Ее спасли, конечно, Поэзия и приходящий ее любовник Юмор. Тахикардию смирил четырехстопный ямб. Больная Белла, дочь Ахата, вместо умирания глазела теперь на Газель, суть краха видоизменялась под рифмовочным потенциалом отца ее, добрейшего Евграфа.
Итак, мы выживаем и отправляемся к истокам еще не истребленного Ренессанса, в усладу горла – Сакартвело.
Грузинская нота Ахмадулиной связана, очевидно, с тягой к Средиземноморью, которое у всех у нас в каких-то там близких или далеких генах вместе с нашими греческими именами и иудейскими корнями, ну а ей-то сам Бог велел грезить «колыбелью человечества» с ее прямым итальянским происхождением, с синьором Стопани, шарманщиком и «дон жуаном».
- … Итак, сто двадцать восемь лет назад
- в России остается мой шарманщик.
- Одновременно нужен азиат,
- что нищенствует где-то и шаманит.
«Шарманство» и «шаманство» – по сути дела две основные стихии и Беллиного, и вообще русского стиха, и есть ли лучшее место для их слияния, чем холмы Грузии?
Грузия – источник христианской веры для России, не менее важный, чем Византия, она и сейчас там живее, чем где-либо, недаром в грузинских стихах Ахмадулиной столько раз встречается слово Господь, всякий раз низводимое к строчной букве грязной советской цензурой.
Грузия – карнавал, заговор средиземноморских веселых плутов против одолевшей орды марксизма.
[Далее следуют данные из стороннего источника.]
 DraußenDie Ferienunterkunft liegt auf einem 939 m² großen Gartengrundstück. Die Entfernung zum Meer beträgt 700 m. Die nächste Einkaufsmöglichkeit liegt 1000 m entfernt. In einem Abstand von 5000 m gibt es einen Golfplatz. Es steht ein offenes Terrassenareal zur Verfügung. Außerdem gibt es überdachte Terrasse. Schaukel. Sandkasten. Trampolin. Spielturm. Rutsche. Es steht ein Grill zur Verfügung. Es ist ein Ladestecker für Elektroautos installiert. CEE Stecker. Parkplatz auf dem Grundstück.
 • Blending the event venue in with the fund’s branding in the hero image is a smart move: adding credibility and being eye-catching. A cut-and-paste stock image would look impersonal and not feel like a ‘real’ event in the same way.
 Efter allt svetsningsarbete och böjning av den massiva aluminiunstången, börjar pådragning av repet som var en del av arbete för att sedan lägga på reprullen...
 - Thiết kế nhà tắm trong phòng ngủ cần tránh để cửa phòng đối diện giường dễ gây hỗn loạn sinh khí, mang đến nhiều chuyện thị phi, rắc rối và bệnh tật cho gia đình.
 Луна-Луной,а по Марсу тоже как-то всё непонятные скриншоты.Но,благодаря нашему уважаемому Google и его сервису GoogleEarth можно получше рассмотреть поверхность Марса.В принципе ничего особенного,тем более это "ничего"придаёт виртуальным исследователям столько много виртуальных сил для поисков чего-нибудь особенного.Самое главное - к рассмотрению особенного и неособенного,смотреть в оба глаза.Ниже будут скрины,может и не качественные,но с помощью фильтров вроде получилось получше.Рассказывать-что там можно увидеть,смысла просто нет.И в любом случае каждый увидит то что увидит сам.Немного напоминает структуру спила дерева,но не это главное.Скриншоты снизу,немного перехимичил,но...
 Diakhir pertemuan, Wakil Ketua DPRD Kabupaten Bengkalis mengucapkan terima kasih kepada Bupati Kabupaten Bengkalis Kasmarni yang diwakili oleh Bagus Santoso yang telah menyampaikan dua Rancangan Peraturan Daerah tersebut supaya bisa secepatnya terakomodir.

Белла – ренессансное дитя; поэтому, тяжко страдая от утечки российского (советского) «ренессанса», она всякий раз бежит в Грузию.
- …от нежности все плачет тень моя,
- где над Курой, в объятой Богом Мцхете,
- в садах зимы берут фиалки дети,
- их называя именем «Иа»…
- О Грузия, лишь по твоей вине,
- когда зима грязна иль белоснежна,
- печаль моя печальна не вполне,
- не до конца надежда безнадежна…
И Грузия ей отвечает всеми остатками своего рыцарства. Помню, в конце 60-х годов в тифлисских застольях всякий раз наступал торжественный момент, когда пили за «нашу дэвушку в Москве». У националистов среди портретов выдающихся грузин висел портрет Ахмадулиной: «наша дэвушка».
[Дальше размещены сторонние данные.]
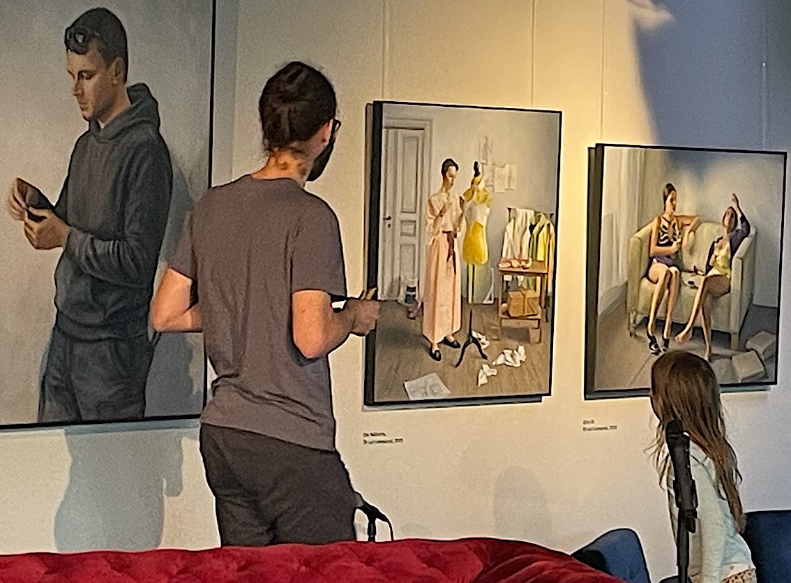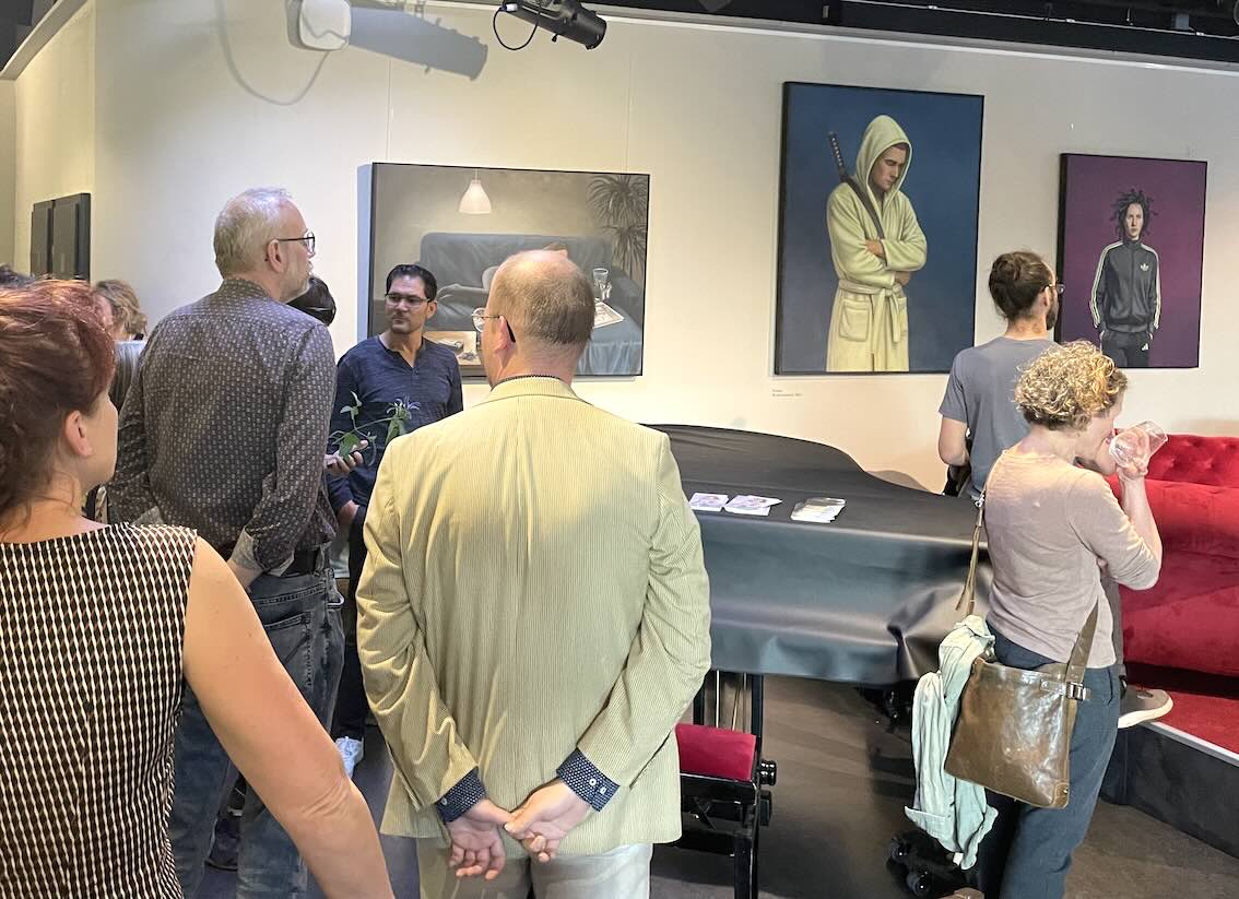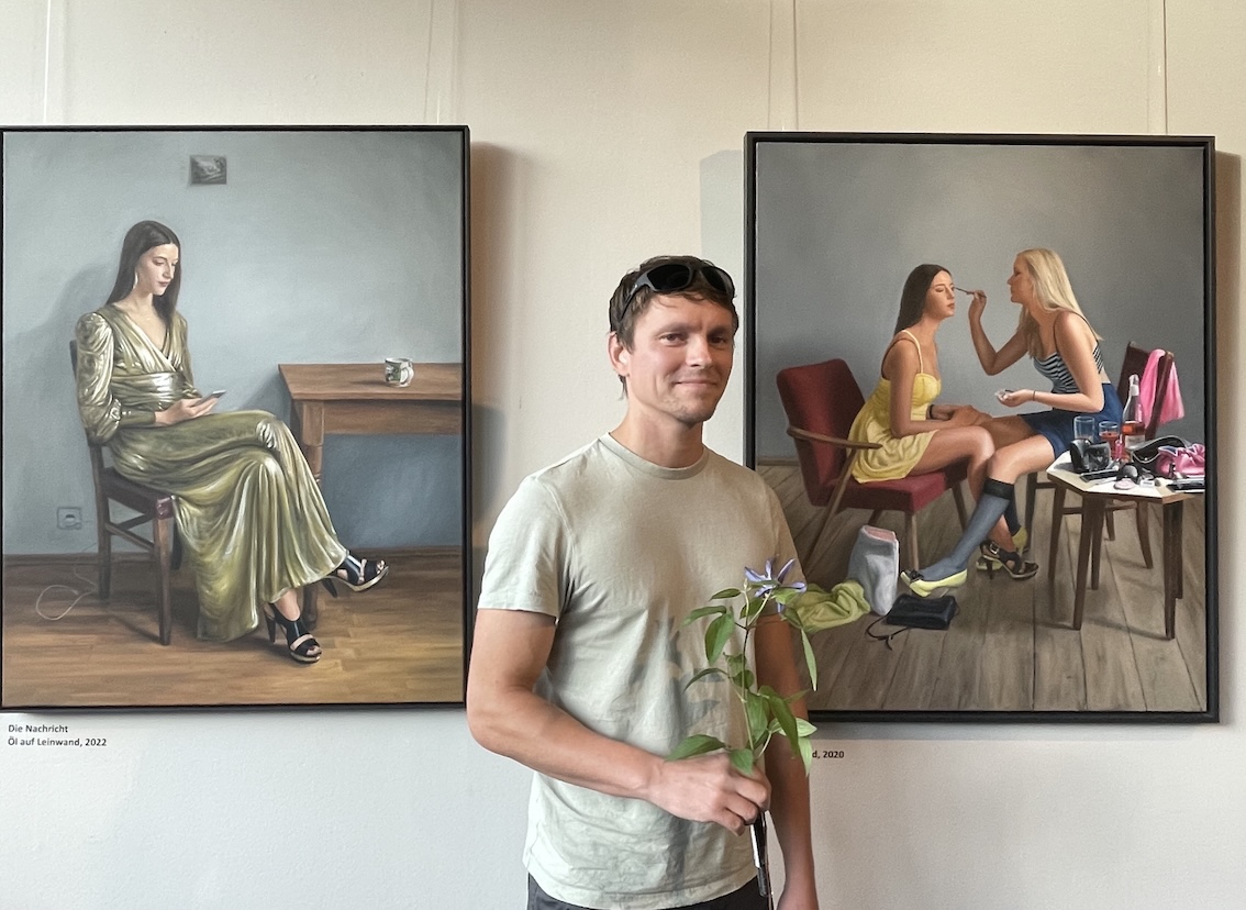 Sebastian Friedrich zeigt Menschen, die sich inszenieren – nicht aus Eitelkeit, sondern als bewussten Ausdruck von Haltung, Stil und Gegenwart. Seine Figuren treten auf wie auf einer Bühne: selbstbewusst, konzentriert, inmitten alltäglicher, oft intimer Szenen. „Mich interessiert der Moment, in dem jemand ganz bei sich zu sein scheinen“, sagt Friedrich. Seine Malerei verbindet klassische Technik mit einem zeitgenössischen Blick und offenbart eine subtile Theatralik des Alltags.

Однажды марксистский князь давал обед в Кахетии. Белла сидела по правую руку князя-секретаря, принимая его льстивые речи, а на другом конце огромного стола сидел еще один москвичишко, так называемый поэт, пропахший ссаками сученок-сталинист. Желая тут потрафить кахетинцам и заслужить стакан на опохмелку, поэтишко привстал над коньяками и тост за Сталина как сына Сакартвело скрипучим голосом провозгласил. Гульба затихла и грузины смолкли, усы повесив, шевеля бровями, продажностью московского народа в который раз в душе поражены. Тогда над шашлыками и сациви вдруг Беллина туфля промчалась резво, великолепным попаданьем в рыло ничтожество навек посрамлено. Все пьем за Беллу, князь провозглашает, и весь актив, забыв про сталиниста, второй туфлей черпая цинандали, поплыл, врастая в пьяный коммунизм.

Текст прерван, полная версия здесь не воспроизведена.